İnsan, kendisini ölümsüz kılmanın yegâne yolunun, geride onu hatırlatacak eserler bırakmakla mümkün olabileceğini keşfetmiştir. Nedir geride eserler bırakmak? “Eser” deyince mutlaka kitaplar yazmak, başarılı ressam olmak veya iyi bir müzisyen olmak ve besteler yapmak akla gelmemelidir. Evet, bunlar da insanı ölümsüz kılar; ancak başka seçenekler de mevcuttur. Dürüst ve ahlaklı bir insan olarak, örnek olmak, iyi evlatlar yetiştirmek de geride bırakabileceğimiz eserler arasında ve hatta ilk sıralarında gelmektedir.

Yukarıda sözü edilenlere baktığımızda, insanı ölümsüz kılan yegâne formülün, başkaları için yararlı işler yapmak olduğunu kolayca görürüz. Ölümün ötesine geçebilmenin yegâne ve muhteşem yasasını keşfedebilmek de insan için büyük bir haz.

Ancak bu yolla, hayatına dokunduğumuz ve sevildiğimiz insanların gönlünde kendi cennetimizi kurarak ölümün ötesine geçebilir; diğer bir ifadeyle, ölümsüzlüğü yakalayabiliriz. Bunun da varoluşun muhteşem bir yasası olduğunu düşünüyorum.

Geride bizi hatırlatacak eserler bırakmak” şüphesiz ki, hayatımızla sınırlıdır. Bunun sadece ne kadar yaşadığımızla ilgisi olmadığını söyleyebiliriz. Asıl önemli ve belirleyici olan; nasıl yaşadığımızdır.

Hayat demek zaman demektir.

Bu ifadeye dayanarak şu soruları sorabiliriz:

Zamanı, dolayısıyla hayatı tüketerek mi yaşıyoruz ve yaşayacağız?

Zamana hayat ekerek mi yaşayacağız?

Bu soruları, örnekler vererek ete kemiğe büründürmeye ve somutlaştırmaya çalışalım.

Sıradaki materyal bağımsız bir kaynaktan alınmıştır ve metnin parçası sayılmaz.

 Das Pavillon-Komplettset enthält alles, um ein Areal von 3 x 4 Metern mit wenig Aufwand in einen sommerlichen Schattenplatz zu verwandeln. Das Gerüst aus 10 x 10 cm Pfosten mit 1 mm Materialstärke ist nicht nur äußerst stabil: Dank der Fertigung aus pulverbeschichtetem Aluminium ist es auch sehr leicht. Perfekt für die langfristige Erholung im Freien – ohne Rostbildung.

Her dönem ilk derslerimde öğrencilerime şunları söylüyorum:

Bu ders yaklaşık bir buçuk saat birlikte olacağız. İstesek de istemesek de bu zaman hayatımızdan akıp gidecek. Burada belirleyici olan bizlerin bu zaman karşısındaki tutumumuzdur. ‘Ders bitse de gitsek’ bir tutumun ifadesidir; bu zamanı ve dolayısı ile hayatı tüketmektir. Kendimizi derse vererek ve derse katılıp, onun biçimlenmesine katkıda bulunursak, bunun anlamı; ‘Bugün hayatıma bir buçuk saatten çok daha fazlasını ekledim’ demektir. Bu da bir tutumdur. Her zaman olduğu gibi seçim bize aittir. Dilerim ki; tutumlarımız her zaman, hayata zamanı eklemek yönünde olsun.

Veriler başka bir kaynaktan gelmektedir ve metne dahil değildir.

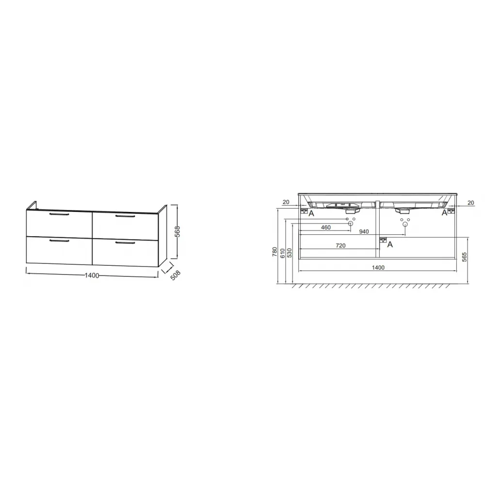 Мебель 140 см для раковины-столешницы EXAS112-Z или EB2566.

Bir başka örneği de kendimden vermek istiyorum: Karım ve ben, akşamları dışarıda olduğumuz zamanlar, bazen farklı yerlerden gelerek buluşuruz. İşlerimiz gereği, genellikle ben daha önce kararlaştırdığımız yerde olur ve beklemeye başlarım. Vapur saati yaklaştığı zaman iskeleye doğru yürümeye başlarım. İskele ile mekânımız arası on dakika civarındadır. Hiçbir zaman; “Karım birazdan burada olur” diye düşünerek hayatımızdan on dakikanın gitmesine göz yummam.  İskeleye giderken ki heyecanım ve coşkum ile birlikte dönerken ki heyecanımız ve coşkumuz, hayatımıza on dakikadan çok daha fazlasını katar; âdeta zamana hayat ekeriz. Mekâna geldiğimizde ise masamızda güller açar.

Ben, iskelede kalkan geminin ardından hayata el sallamak istemiyorum; benim için geleni coşku ve heyecanla karşılamak istiyorum; hayatı kucaklamak istiyorum.

Yazarın Diğer Yazıları
Yorumlar

  1. Fevziye AKÖZ dedi ki:

    Hayata nu kadar olumlu bakabilen birini (Metin Hocayı) tanıdığım için kendimi şanslı hissediyor, yazılarının devamını bekliyorum.

    1. Metin Aycıl dedi ki:

      Sevgili Hocam, çok teşekkür ederim. Ben de sizi tanıdığım için ve dostluğunuza mazhar olduğum için çok mutluyum.